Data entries
******

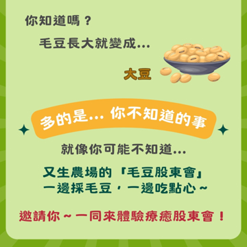 每股約可採收 20台斤 的毛豆(建議人數5-7人/股)
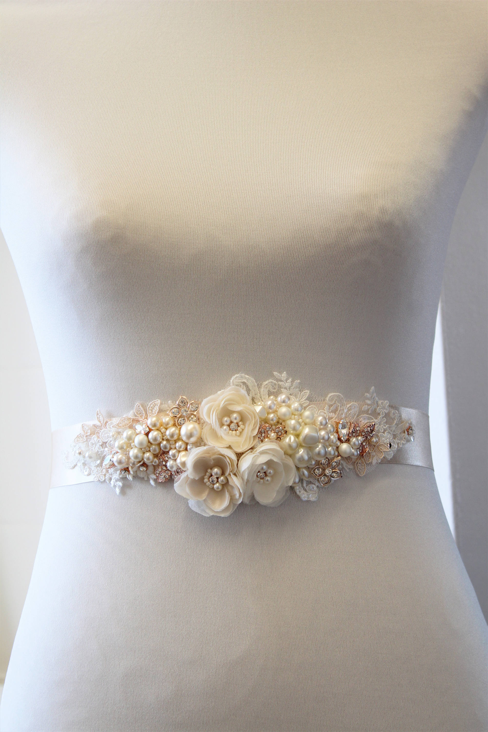 Rose Gold Bridal Dress Belt Wedding Sash Floral Belt Etsy Ivory Champagne Wedding Dress With Bridesmaids
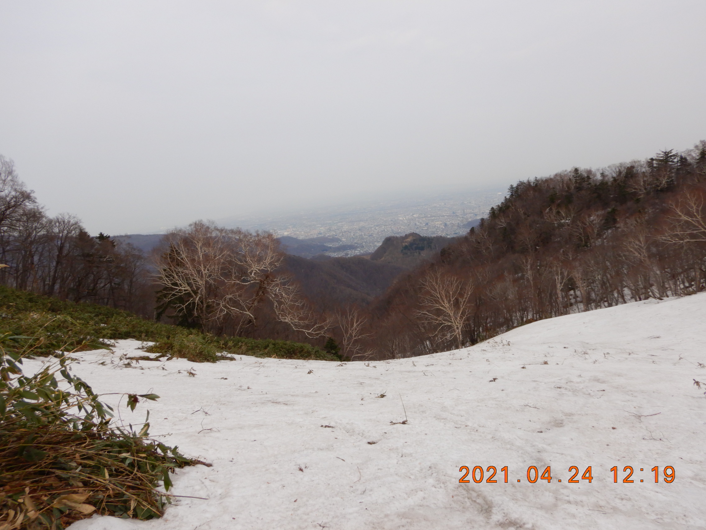 札幌の市街地は水蒸気がたまって霞がかかっていました。
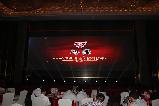 (圖為活動現(xiàn)場播放心心酒業(yè)的宣傳片)
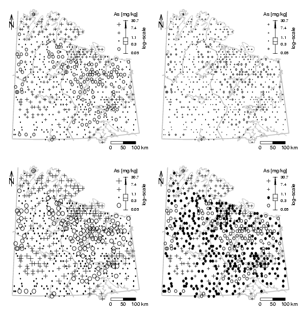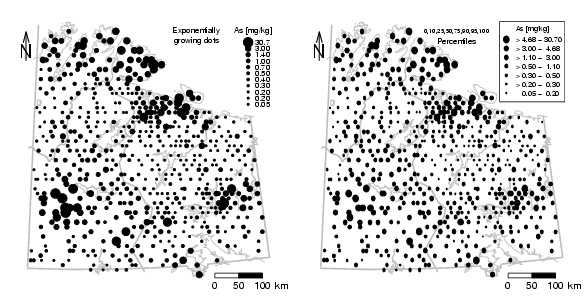 library(StatDA) data(chorizon) data(kola.background) el=chorizon[,"As"] X=chorizon[,"XCOO"] Y=chorizon[,"YCOO"] # true representation of x and y axis of map for plot xwid=diff(range(X))/12e4 ywid=diff(range(Y))/12e4 pdf("fig-5-15.pdf",width=2*xwid,height=1*ywid) par(mfrow=c(1,2),mar=c(1.5,1.5,1.5,1.5)) ### NEW MAP: # generate plot with packground plot(X,Y,frame.plot=FALSE,xaxt="n",yaxt="n",xlab="",ylab="",type="n") plotbg(map.col=c("gray","gray","gray","gray"),add.plot=T) bubbleFIN(X,Y,el,S=9,s=2,plottitle="",legendtitle="As [mg/kg]", text.cex=0.63, legtitle.cex=0.70,ndigits=2) # Percentile legend text(min(X)+diff(range(X))*5/7,max(Y),"Exponentially",cex=0.70) text(min(X)+diff(range(X))*5/7,max(Y)-diff(range(Y))/25,"growing dots",cex=0.70) # scalebar scalebar(761309,7373050,861309,7363050,shifttext=-0.5,shiftkm=4e4,sizetext=0.8) # North arrow Northarrow(362602,7818750,362602,7878750,362602,7838750,Alength=0.15,Aangle=15,Alwd=1.3,Tcex=1.6) ### NEW MAP: # take symbols according to quantiles: qu=c(0,0.1,0.25,0.5,0.75,0.90,0.95,1) q=quantile(el, qu) # symbols and size symb=c(16,16,16,16,16,16,16) ssize=c(0.3,0.5,0.7,0.9,1.1,1.3,1.7)*0.63 # generate plot with packground plot(X,Y,frame.plot=FALSE,xaxt="n",yaxt="n",xlab="",ylab="",type="n") plotbg(map.col=c("gray","gray","gray","gray"),add.plot=T) # plot symbols: for (i in 1:(length(qu)-1)){ points(X[el>=q[i] & el =q[i] & el} |
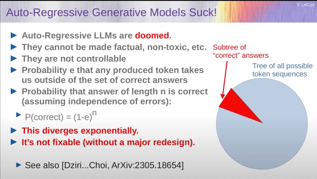 It’s worth noting that he agrees with many AI safety folk that auto-regressive models are uncontrollable, he just thinks they aren’t powerful enough to be a threat[2]:
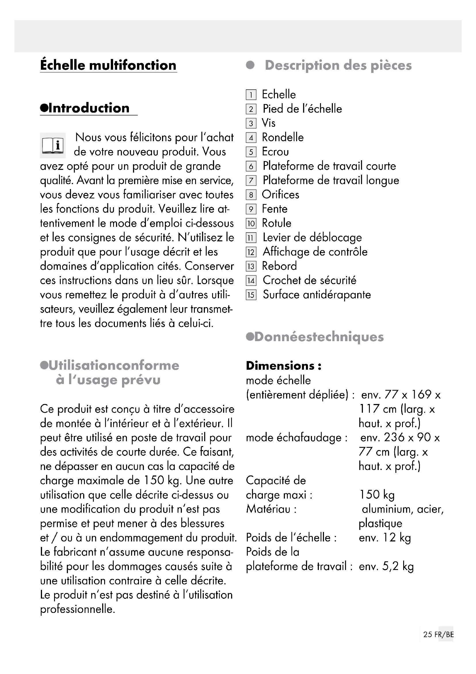 Surface antidérapante Données techniques Dimensions: mode échelle (entièrement dépliée): env. 77 x 169 x 117 cm (larg. x haut. x prof.) mode échafaudage: env. 236 x 90 x 77 cm (larg. x haut. x prof.) Capacité de charge maxi: 150 kg Matériau: aluminium, acier, plastique Poids de l‘échelle : env. 12 kg Poids de la plateforme de travail : env. 5,2 kg26 FR/BE Fourniture 1 échelle multifonctions 2 pieds 4 vis 4 rondelles 4 écrous 2 plateformes de travail 1 mode d’emploi Consignes de sécurité Consignes de sécurité générales
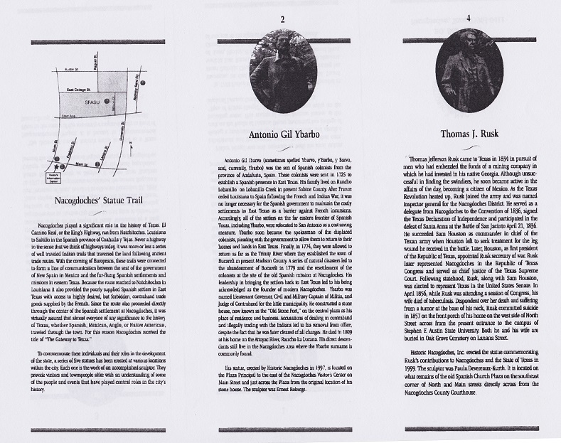 For more information about the Statue Trail, please visit the Friends of Historic Nacogdoches, Inc.'s webpage at http://fohninc.weebly.com
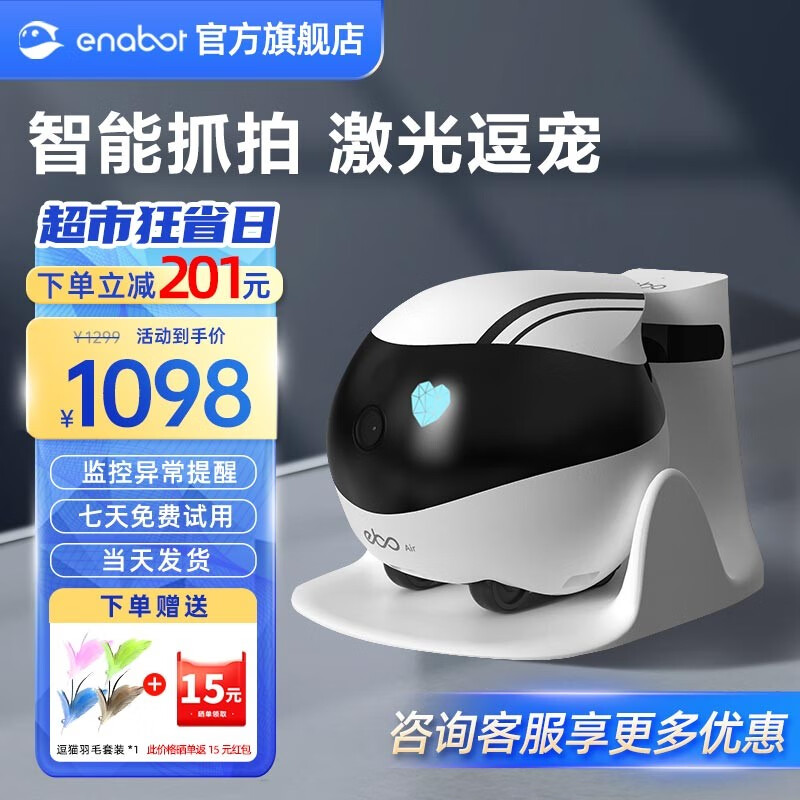 enabot ebo Air机器人家庭可移动监控老人小孩远程逗宠 双向通话互动 宠物AI智能玩伴 EBO AIR家庭守护机器人1098.00元
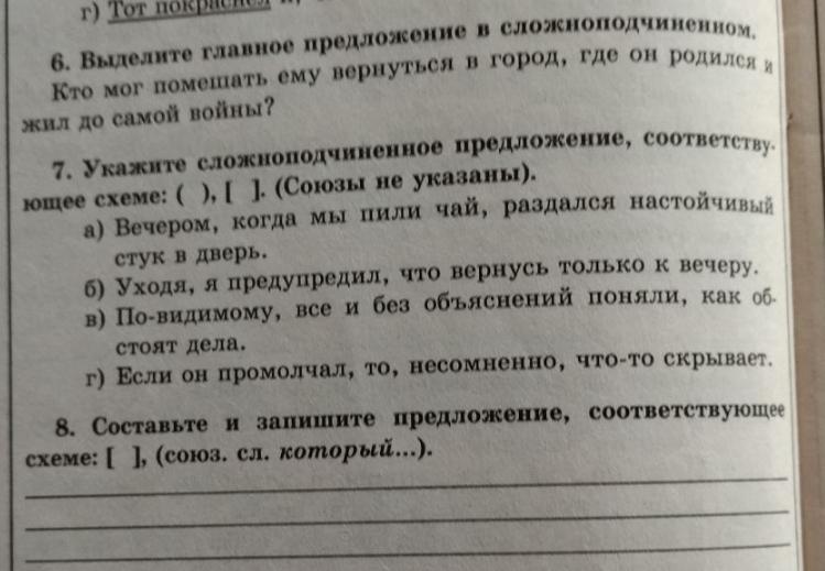 6. [ ] главное, ( ) придаточное.
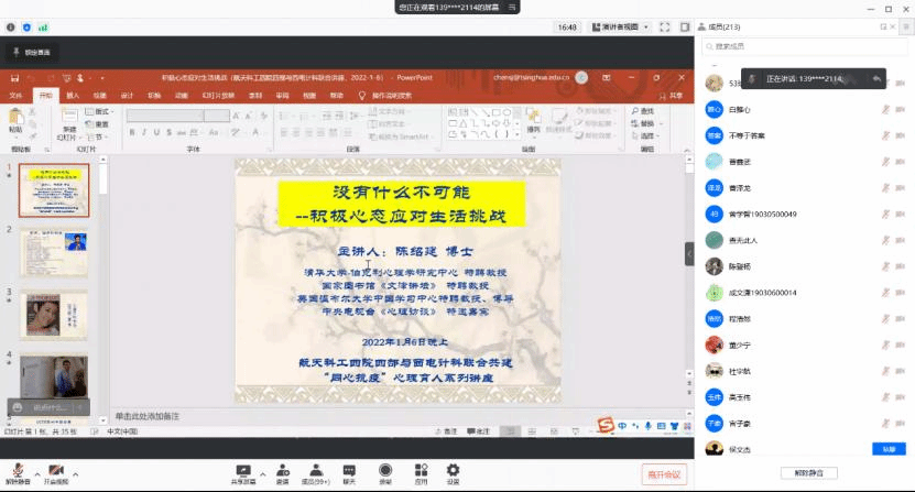 随后,陈绍建教授以“没有什么不可能——积极心态应对生活挑战”为题进行了讲座。他通过“费斯汀格法则”展示了错误认知如何带来严重的后果,进而提出了以积极心态和从更高视角看问题的方法。他启发大家思考,在西安正在经历疫情的事实情况下,应该如何调整心态应对各种非预期的不确定性。他强调,“人在山能成‘仙’,人在谷不脱‘俗’”,只要有改变抱怨的态度,积极地去做当下应该做的事情,那么就一定能突破困难,改变生活。
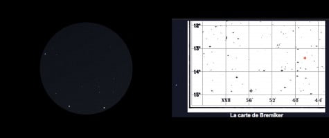La siguiente imágen muestra una simulación de la vista del telescopio desde Berlin el día del descubrimiento de Neptuno y el mapa astronómico indicando en rojo la predicción realizada por Le Verrier. El desafío consiste en encontrar al verdadero Neptuno intentando hacer la correspondencia entre las estrellas que se ven en la vista simulada y el mapa.
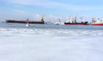 Remorcherele ASTANA și BUCUREȘTI spag zilnic gheața din Portul Midia pentru a ține deschisă calea de export pe mare a produselor petroliere.”, anunță echipa KMG Internațional.
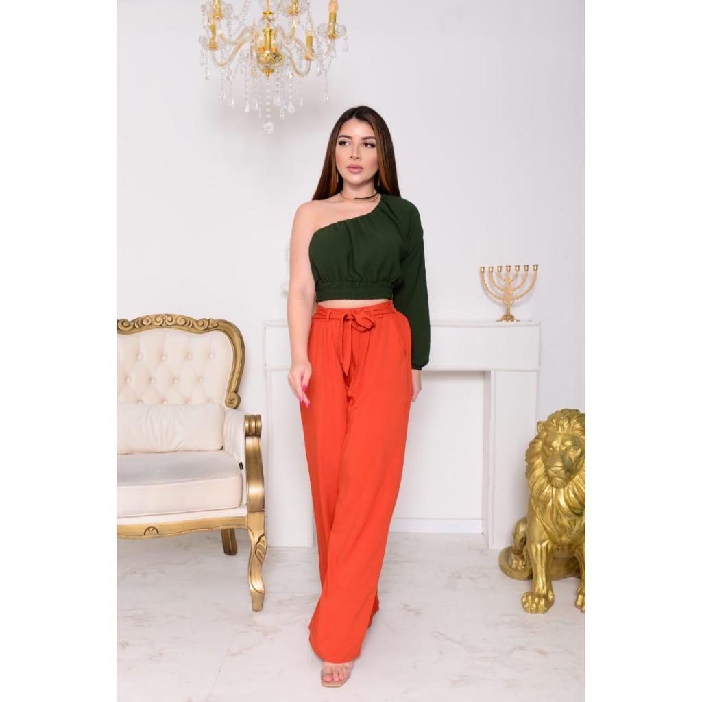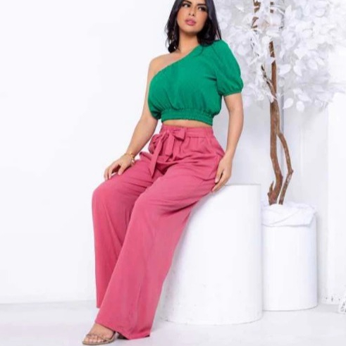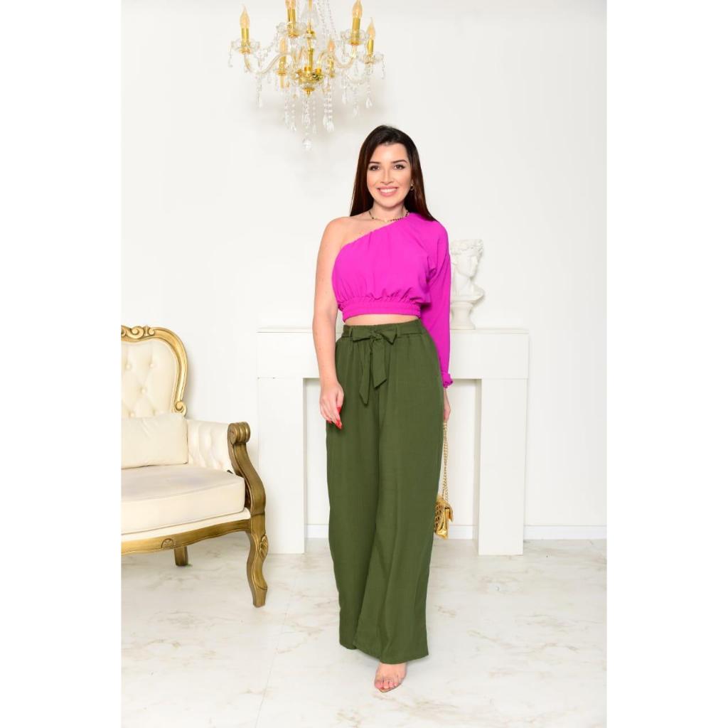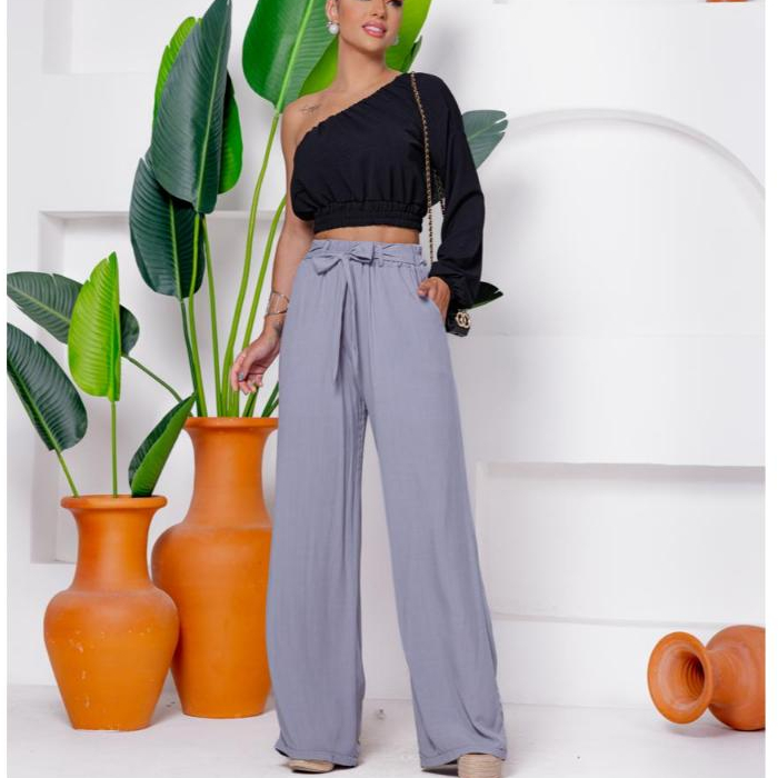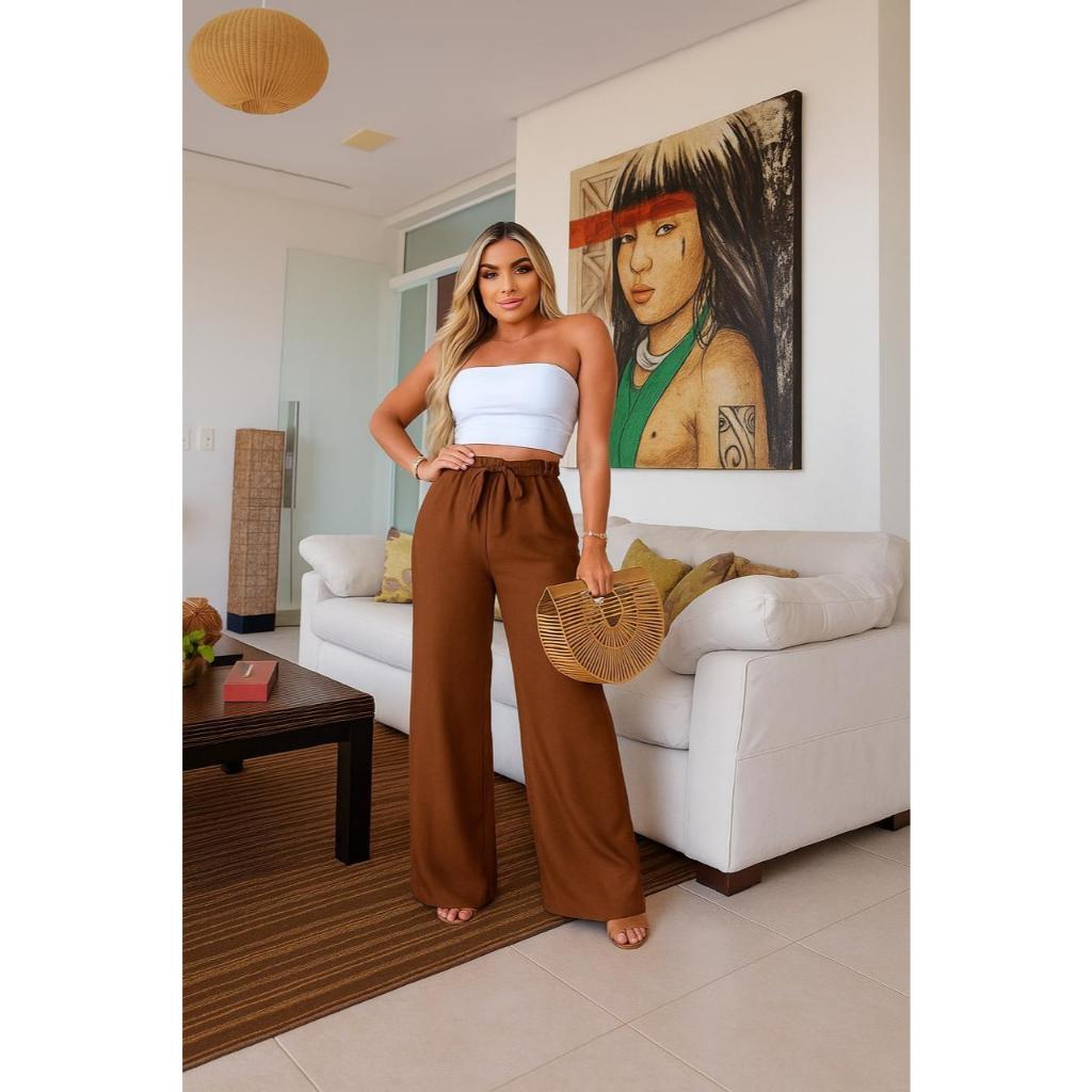 Calça Pantalona Viscolinho Premium Com Bolso Forrada e Cinto na frente PROMOÇÃO
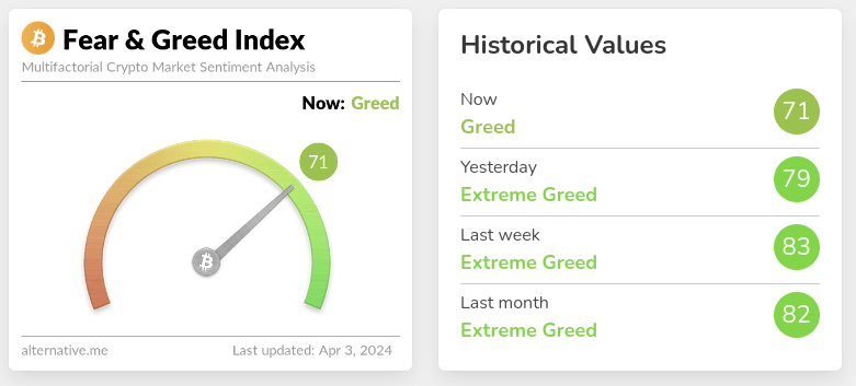 Despite the price volatility of the last few weeks, the crypto market sentiment remains in extreme greed.
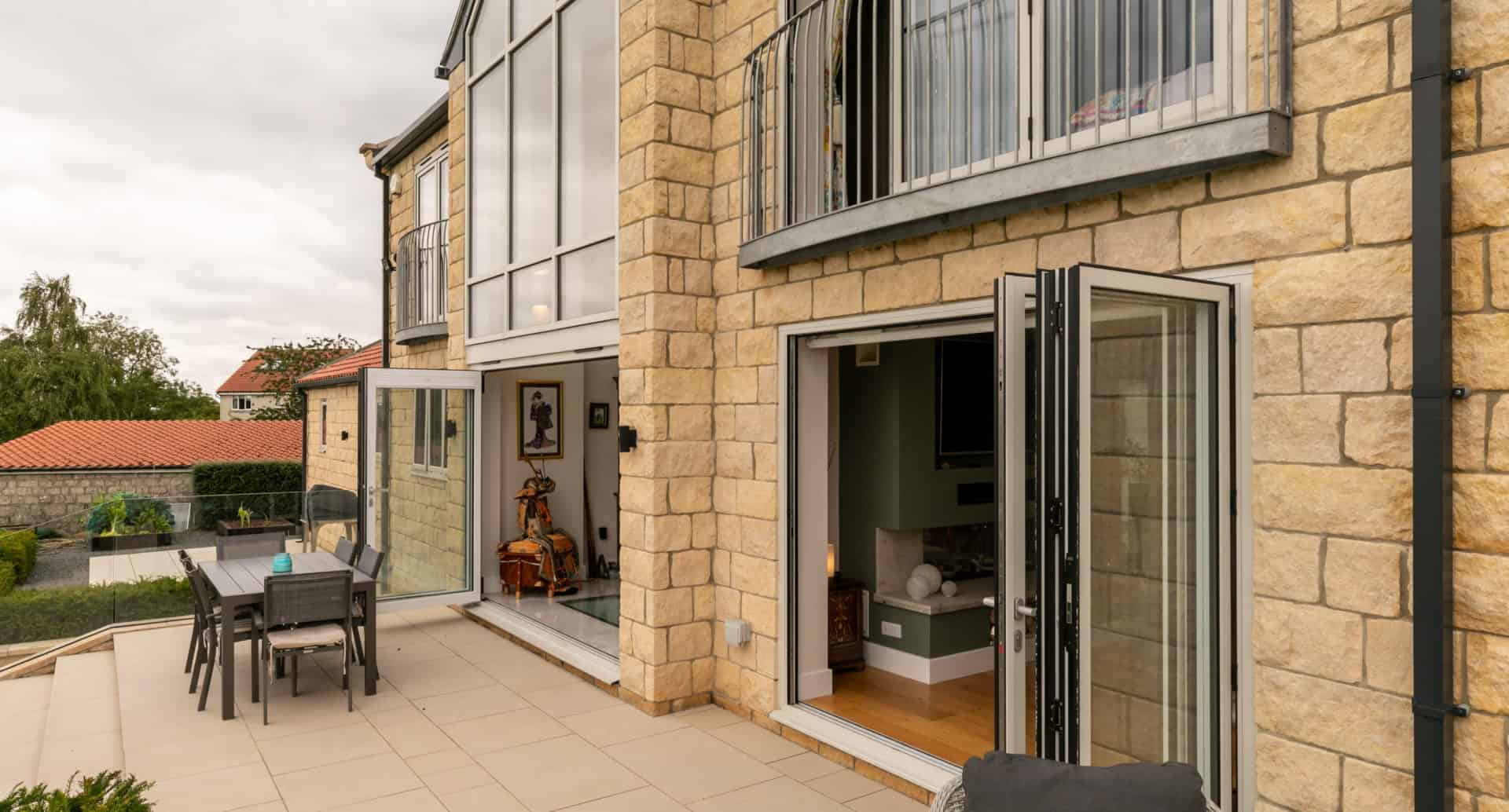 We worked closely with the homeowner’s project management to ensure that our installation tied in with their build schedule. To expedite our manufacturing process, we ordered all the required RAL coloured profile ‘Off-Plan’, so we had the materials ready to manufacture as soon as the site survey was carried out. The survey took place once was outer structure of the house was built and we commenced the bespoke manufacture immediately because we had previously ordered RAL coloured profile. We supplied the aluminium entrance doors, and aluminium windows throughout. The unique design of the house includes three ground level sets of our XP View bi-folding doors, including a set at the front of the property. The house sits within immaculate landscaped gardens and the grand entrance area includes an outdoor seating area so a morning coffee or evening meal can be enjoyed when the sun is rising or setting.

******

● **Your instructions**:
Your task is to restate word for word the lines from the top of the data to the line containing "(圖為活動現(xiàn)場播放心心酒業(yè)的宣傳片)", both ends included, with every picture left out.

● **Response to the task**:
 每股約可採收 20台斤 的毛豆(建議人數5-7人/股)
 Rose Gold Bridal Dress Belt Wedding Sash Floral Belt Etsy Ivory Champagne Wedding Dress With Bridesmaids
 札幌の市街地は水蒸気がたまって霞がかかっていました。
 (圖為活動現(xiàn)場播放心心酒業(yè)的宣傳片)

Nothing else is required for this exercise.